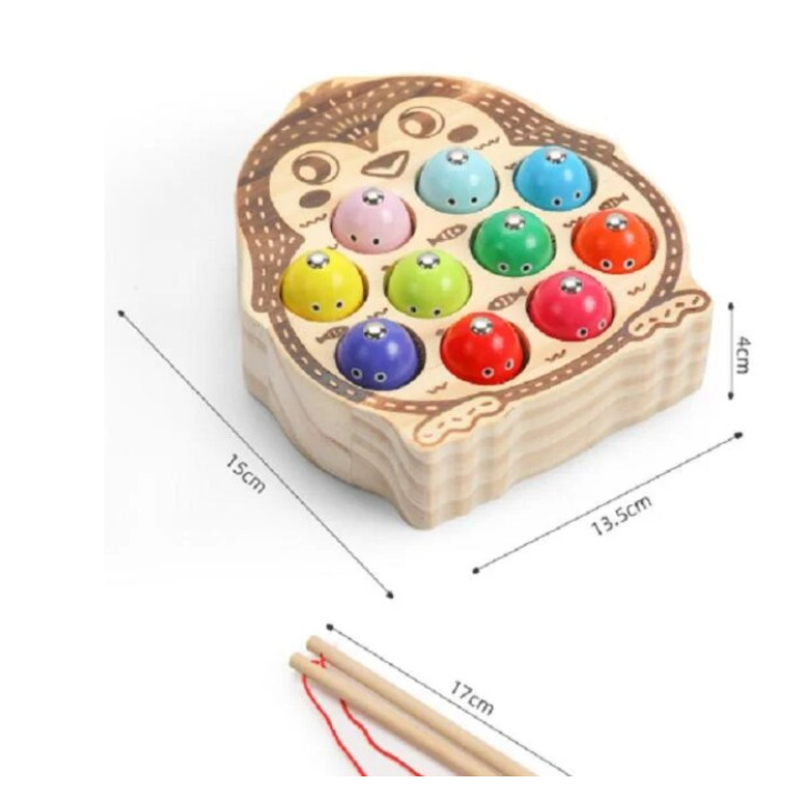 Jocul magnetic de pescuit din lemn cu tematică de pinguin este un joc educativ și distractiv destinat copiilor de la vârsta de 3 ani în sus. Acest joc include o placă din lemn în formă de pinguin, cu 10 peștișori colorați din lemn, fiecare având un mic magnet în partea de sus. De asemenea, setul include și două undițe din lemn cu un magnet la capăt, pentru ca cei mici să „pescuiască” peștișorii din placa de joc.
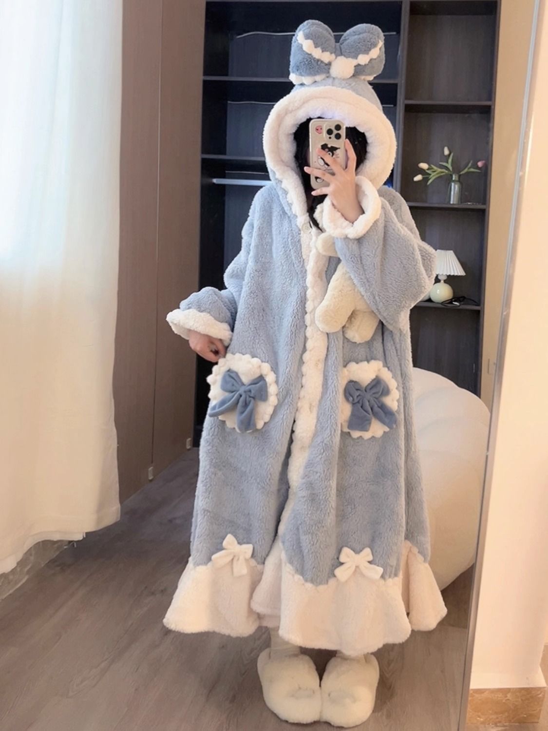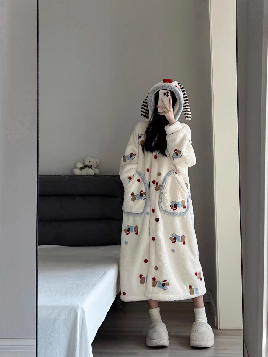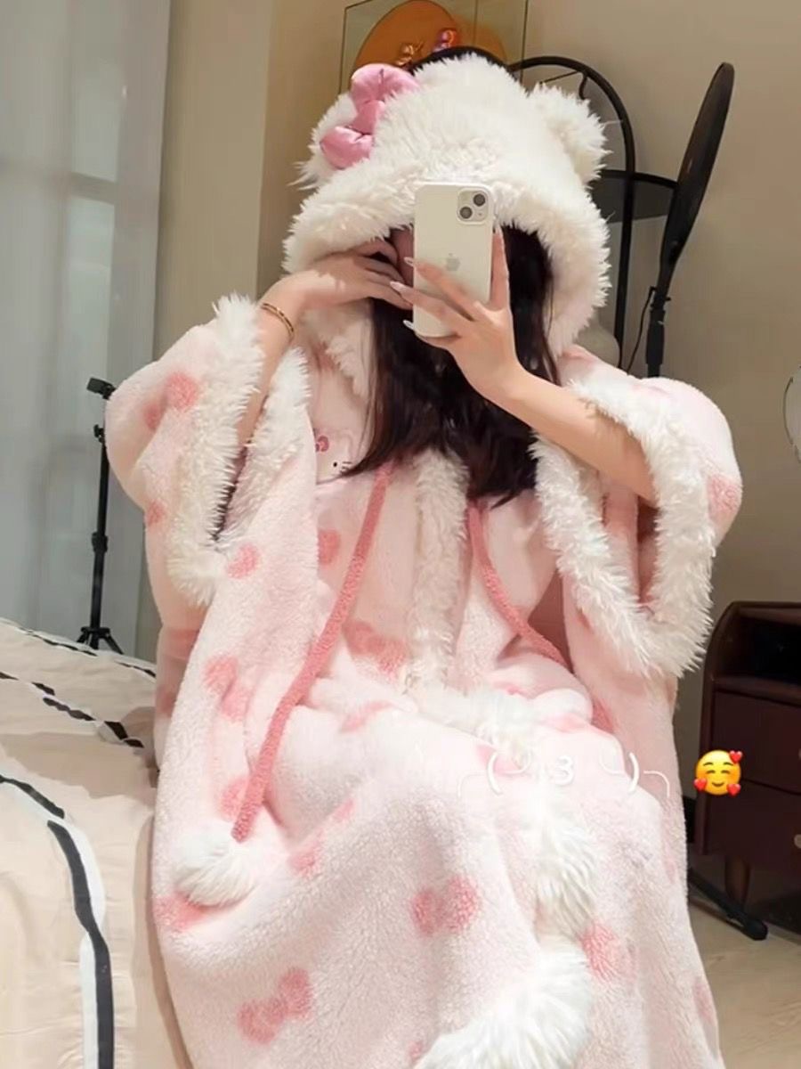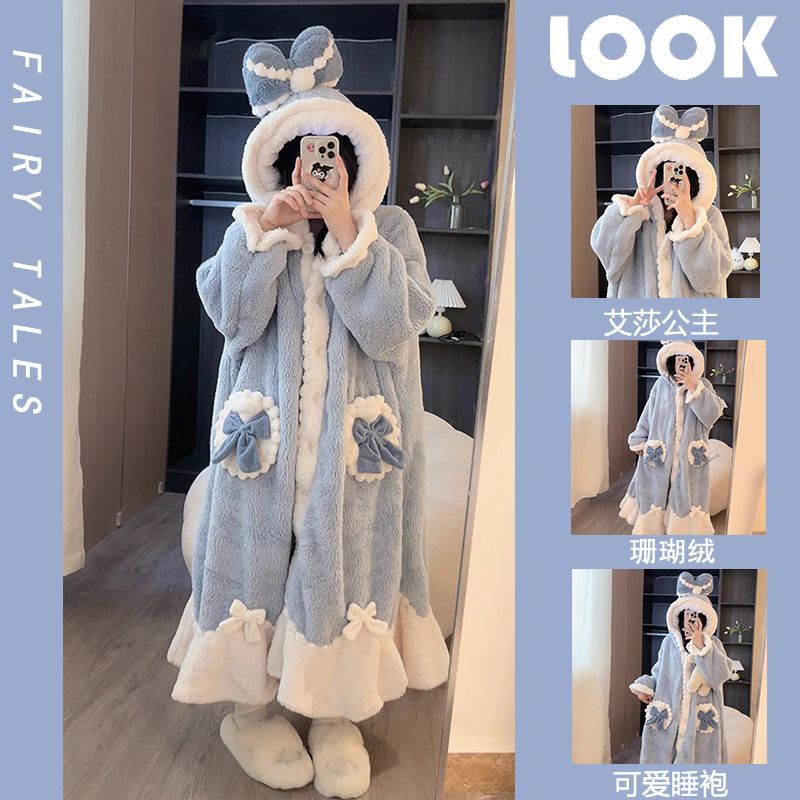 【YW】无忧购可爱卡通睡袍女秋冬季珊瑚绒加厚加绒睡衣睡裙家居服浴袍(截单后3-5天发货)
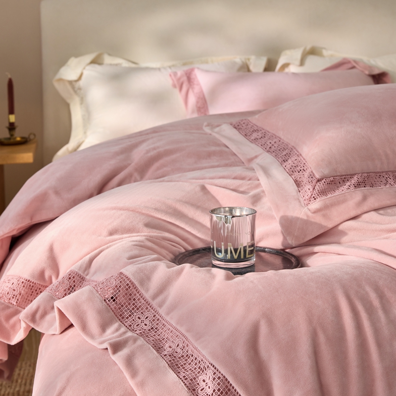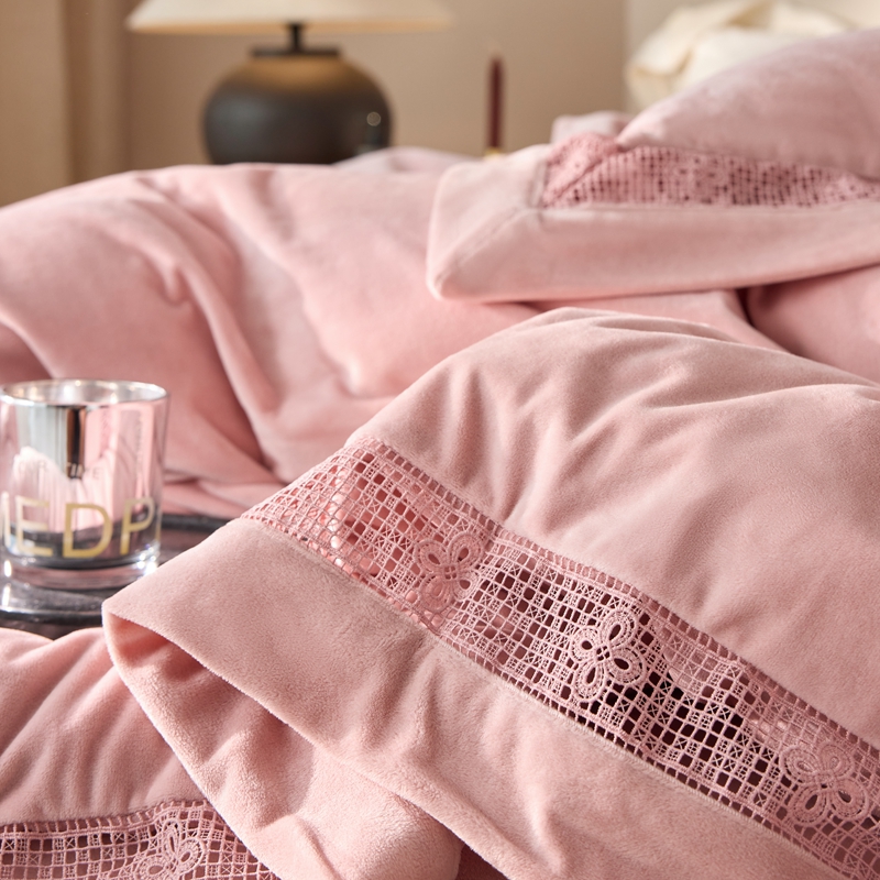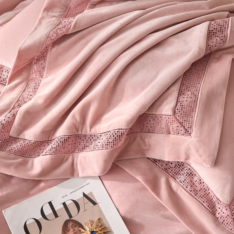 商品名称:时亿家居 2024新款300g婴肤绒四件套-爵士系列 爵士 心粉
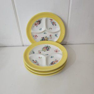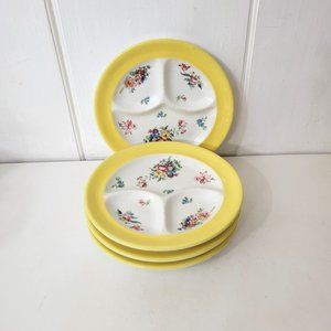 Syracuse China Yellow Floral Divided Dinner Plates Set of Four
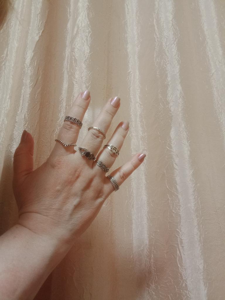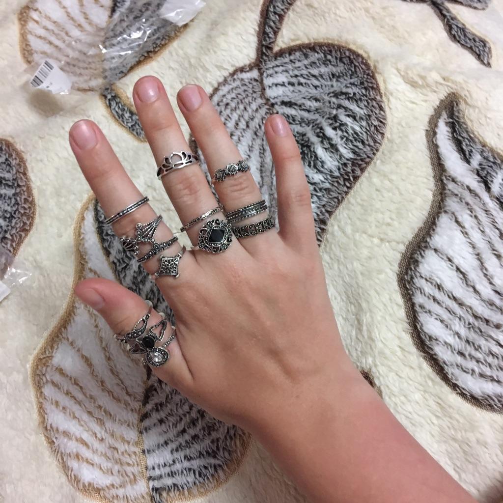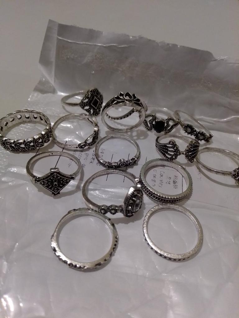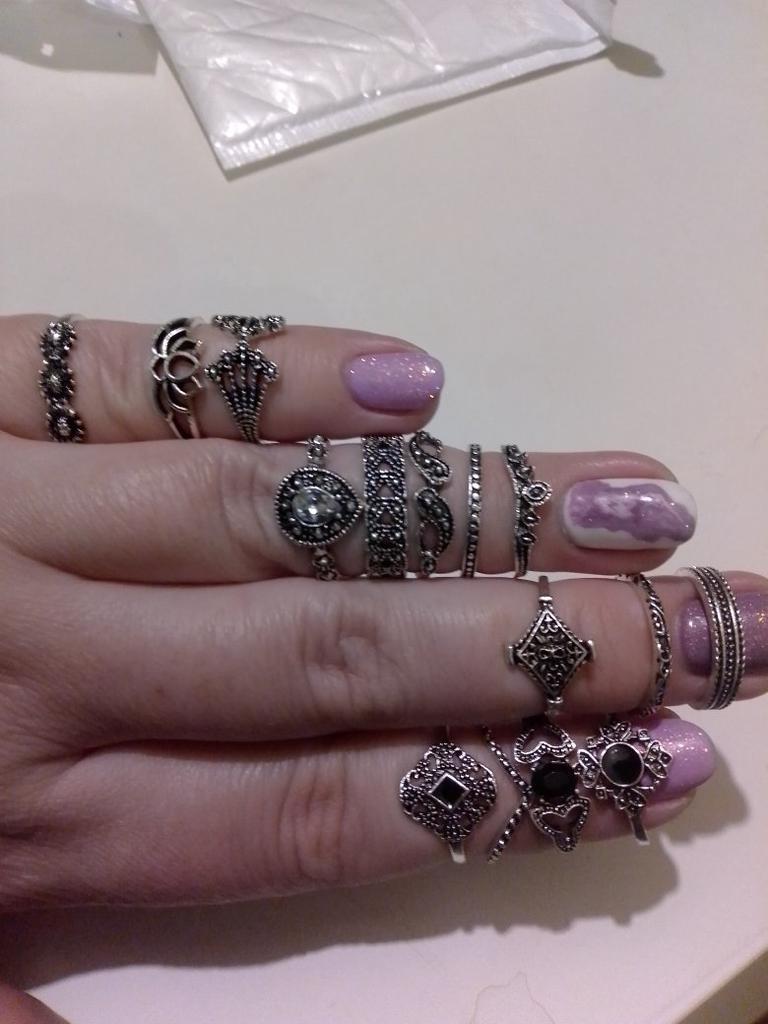 Набор колец. Брала для подруги-у нее пальчики тоньше,чем мои. В наличии все 15 шт.целые,разного размера Качество тоже порадовало К покупке рекомендую
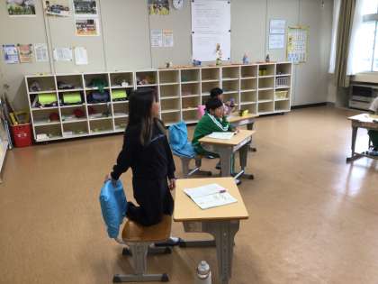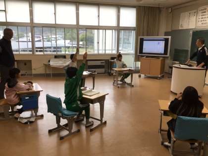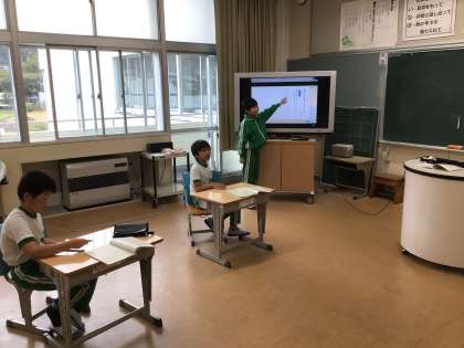 国語科の時間です。主語と述語で、一つの文の中にある主語と述語をそれぞれ見つける学習をしていました。余計な語句を省くことが簡単ではなさそうでした。
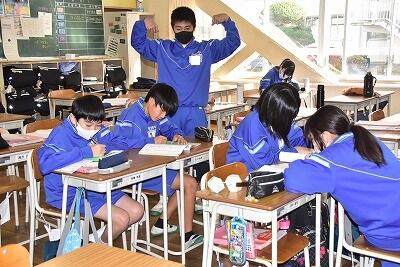 2学期になって初めての行事、中間テストではワークの問題を何度も解いていたり、別の問題集を買って学習に取り組む人がいた反面、テストの前日までワークを取り組んでいる人もいました。しかし、1学期のテストよりも、提出物を期日内に終わらせている人が増えたと感じました。期末テストは中間テストよりも範囲が広くワークの量も多かったです。にもかかわらず、中間テストよりも早くワークを終わらせ、解き直しをしている人が増えていました。その結果、点数や順位が大幅に上がったという人がたくさんいました。中には、順位が落ちてしまった人もいましたが、3学期も期末テストがあるので、冬休み中に分からないところを復習しておきましょう。
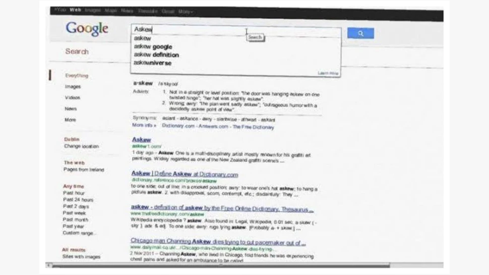 Type “Askew” in the search bar, hit enter and your page will tilt to one side. But don’t worry, there is no problem with the screen. Only the text appears to be tilted downwards. It will be fixed once you go to the new page.

» Activity
Pictures are to be left out; otherwise, copy exactly each line from the one containing "Набор колец. Брала" through the last line of the listing.

» Result of this exercise
 Набор колец. Брала для подруги-у нее пальчики тоньше,чем мои. В наличии все 15 шт.целые,разного размера Качество тоже порадовало К покупке рекомендую
 国語科の時間です。主語と述語で、一つの文の中にある主語と述語をそれぞれ見つける学習をしていました。余計な語句を省くことが簡単ではなさそうでした。
 2学期になって初めての行事、中間テストではワークの問題を何度も解いていたり、別の問題集を買って学習に取り組む人がいた反面、テストの前日までワークを取り組んでいる人もいました。しかし、1学期のテストよりも、提出物を期日内に終わらせている人が増えたと感じました。期末テストは中間テストよりも範囲が広くワークの量も多かったです。にもかかわらず、中間テストよりも早くワークを終わらせ、解き直しをしている人が増えていました。その結果、点数や順位が大幅に上がったという人がたくさんいました。中には、順位が落ちてしまった人もいましたが、3学期も期末テストがあるので、冬休み中に分からないところを復習しておきましょう。
 Type “Askew” in the search bar, hit enter and your page will tilt to one side. But don’t worry, there is no problem with the screen. Only the text appears to be tilted downwards. It will be fixed once you go to the new page.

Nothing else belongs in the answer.